- [To do]:
Line by line, the data below should be set down unchanged, with images excluded.

- [Material provided]:

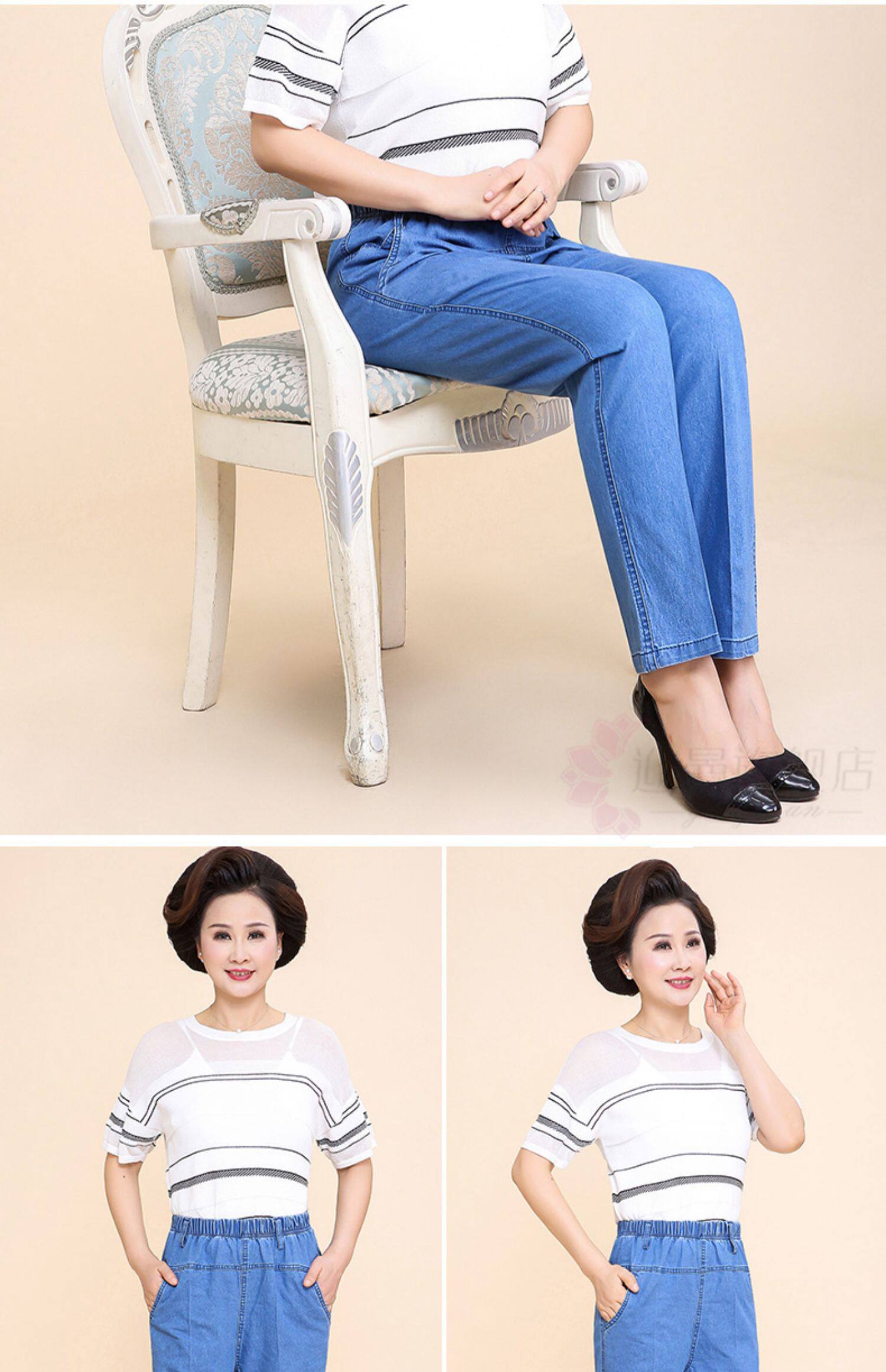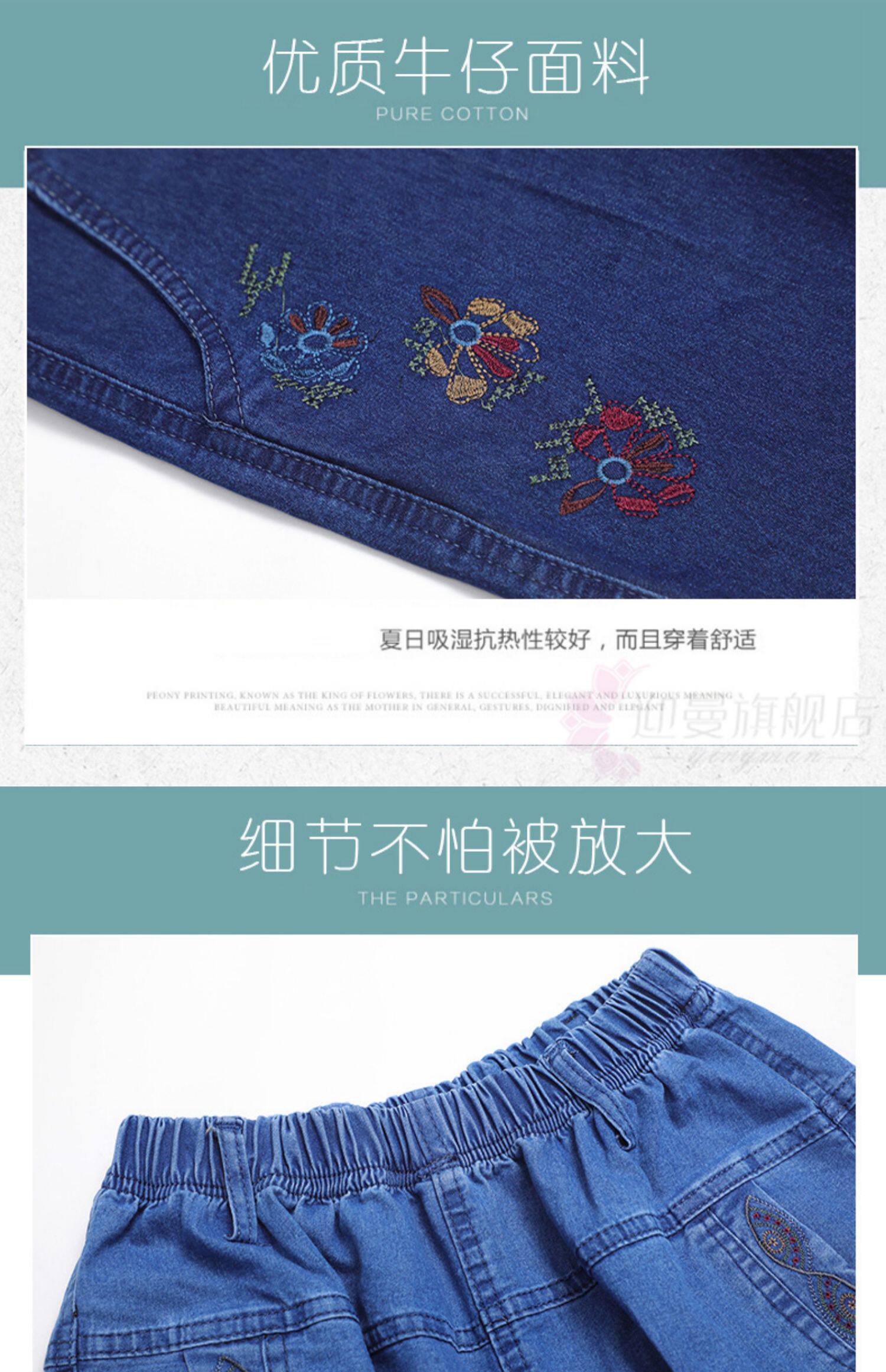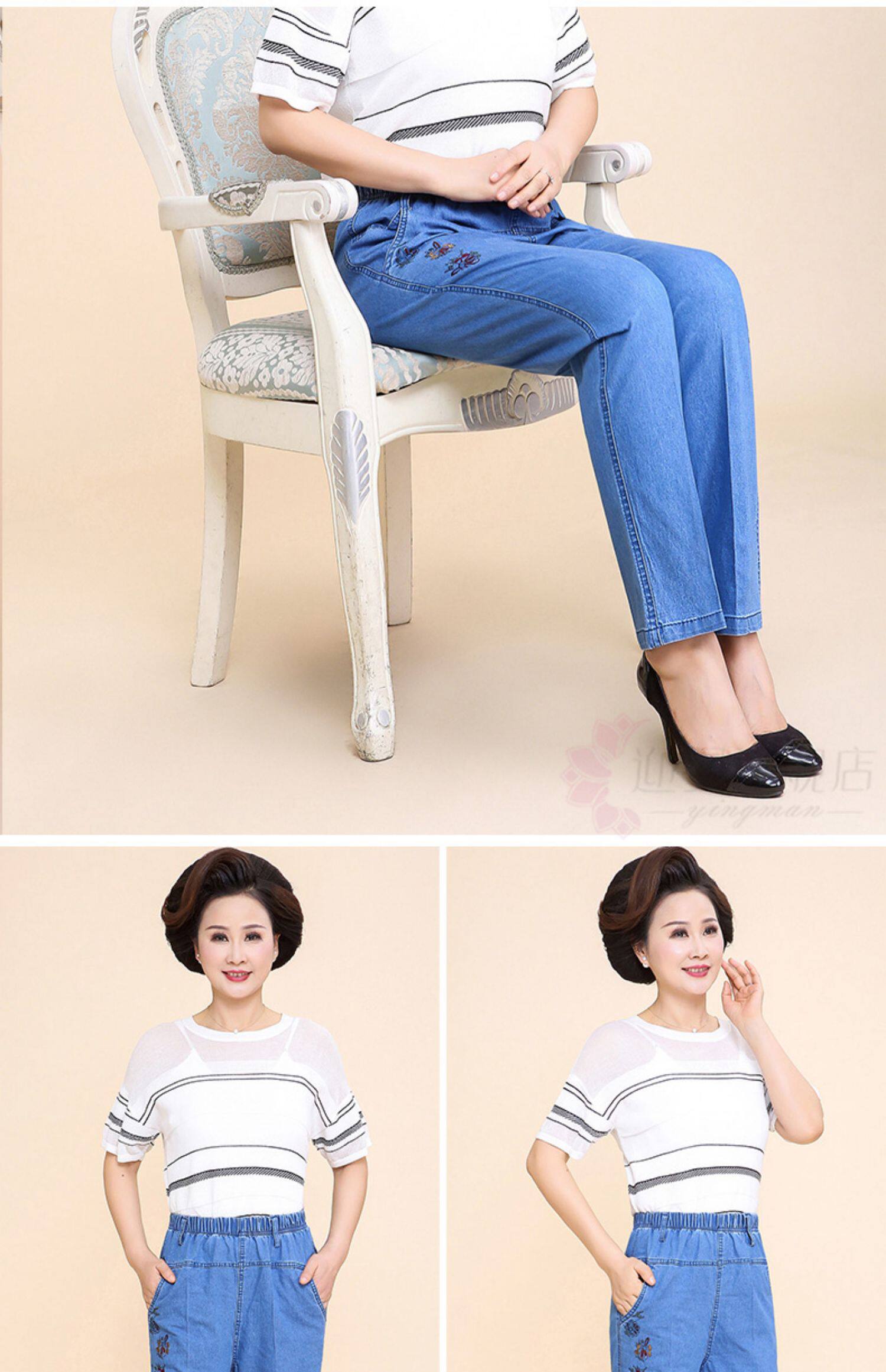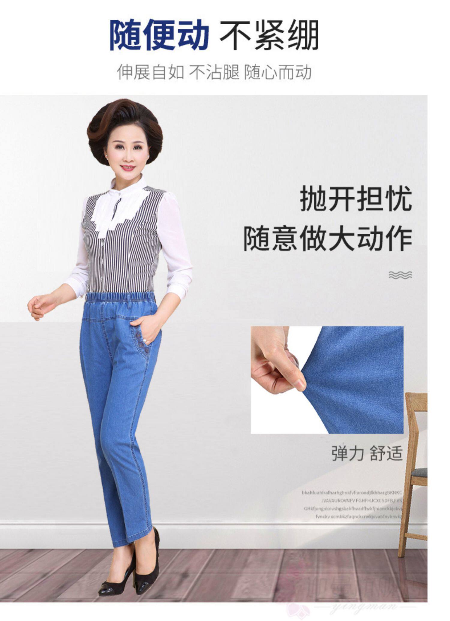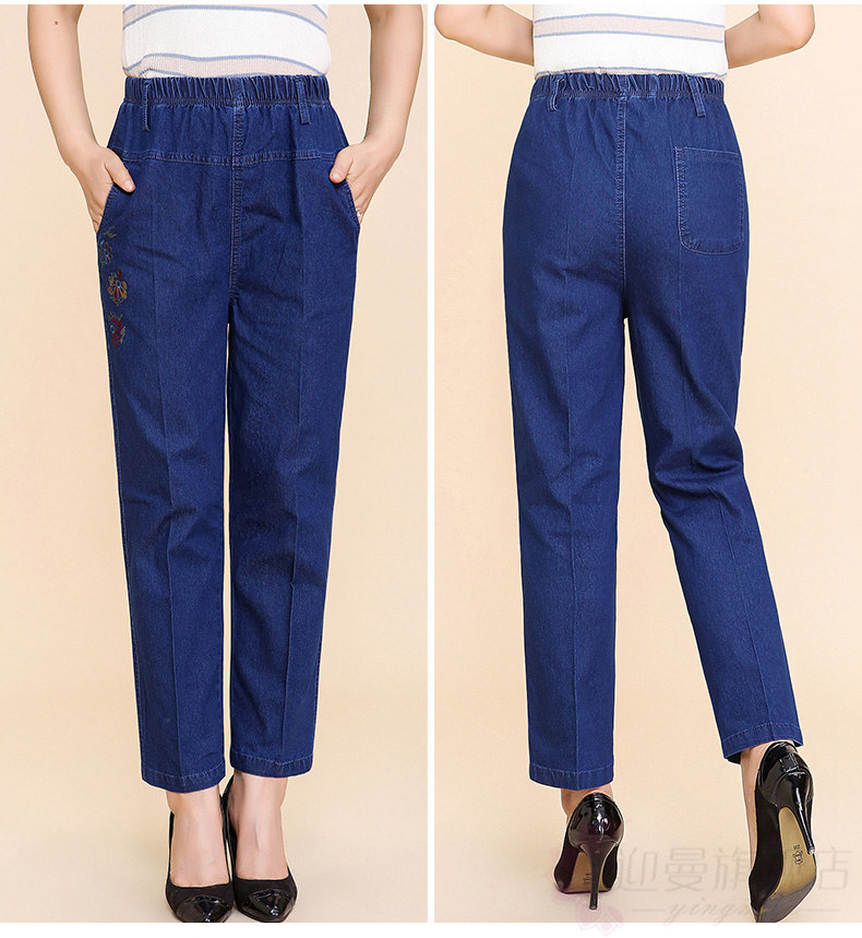 Весенние джинсы, штаны, для среднего возраста, большой размер, высокая талия, свободный прямой крой, эластичная талия
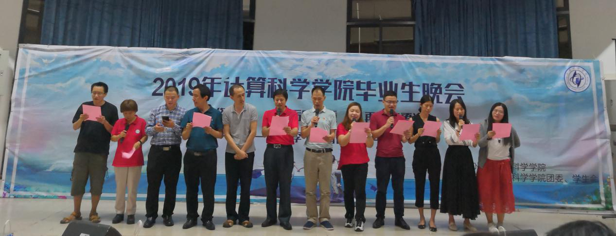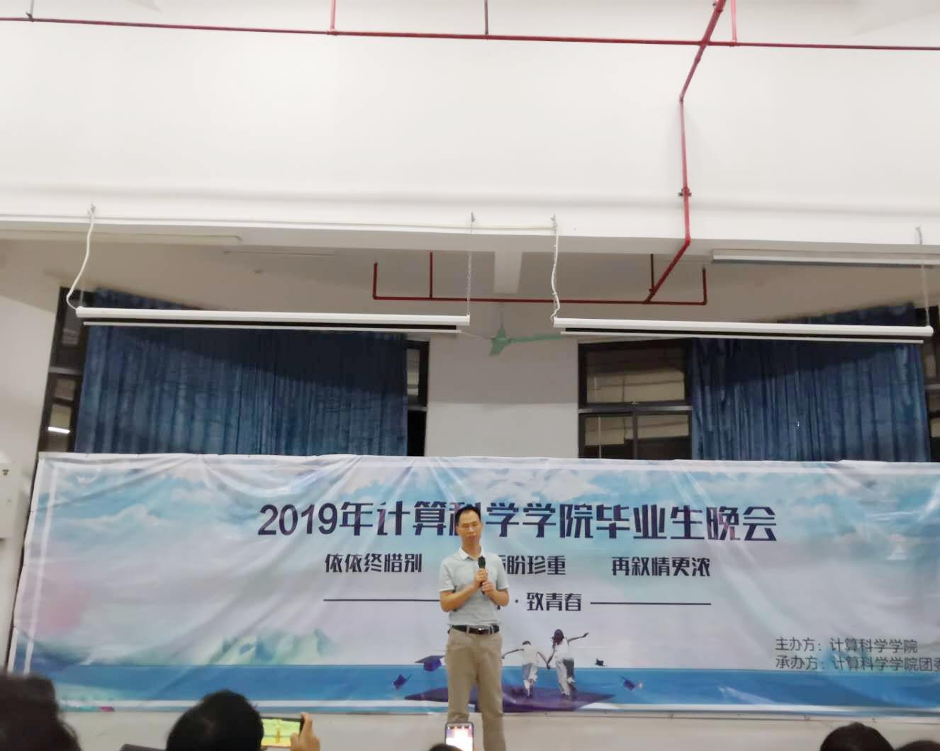 5月23日晚七点,计算科学学院毕业生晚会在D1小礼堂举行。出席本次活动的嘉宾有党总支书记刘伟坚老师、院长张超龙老师、党总支副书记郭肖明老师、副院长吴东庆老师、办公室主任肖爱武老师、黄业辉老师、陈创鑫老师、黄卫红老师,辅导员徐盼老师和张素雅老师,李聘环老师、郑晓玲老师以及院学生组织代表。
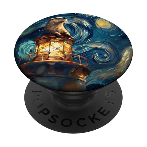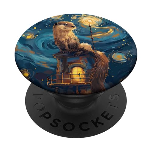 Starry-Night Otter Lighthouse Art PopSockets Adhesive PopGrip

- [Response]:
 Весенние джинсы, штаны, для среднего возраста, большой размер, высокая талия, свободный прямой крой, эластичная талия
 5月23日晚七点,计算科学学院毕业生晚会在D1小礼堂举行。出席本次活动的嘉宾有党总支书记刘伟坚老师、院长张超龙老师、党总支副书记郭肖明老师、副院长吴东庆老师、办公室主任肖爱武老师、黄业辉老师、陈创鑫老师、黄卫红老师,辅导员徐盼老师和张素雅老师,李聘环老师、郑晓玲老师以及院学生组织代表。
 Starry-Night Otter Lighthouse Art PopSockets Adhesive PopGrip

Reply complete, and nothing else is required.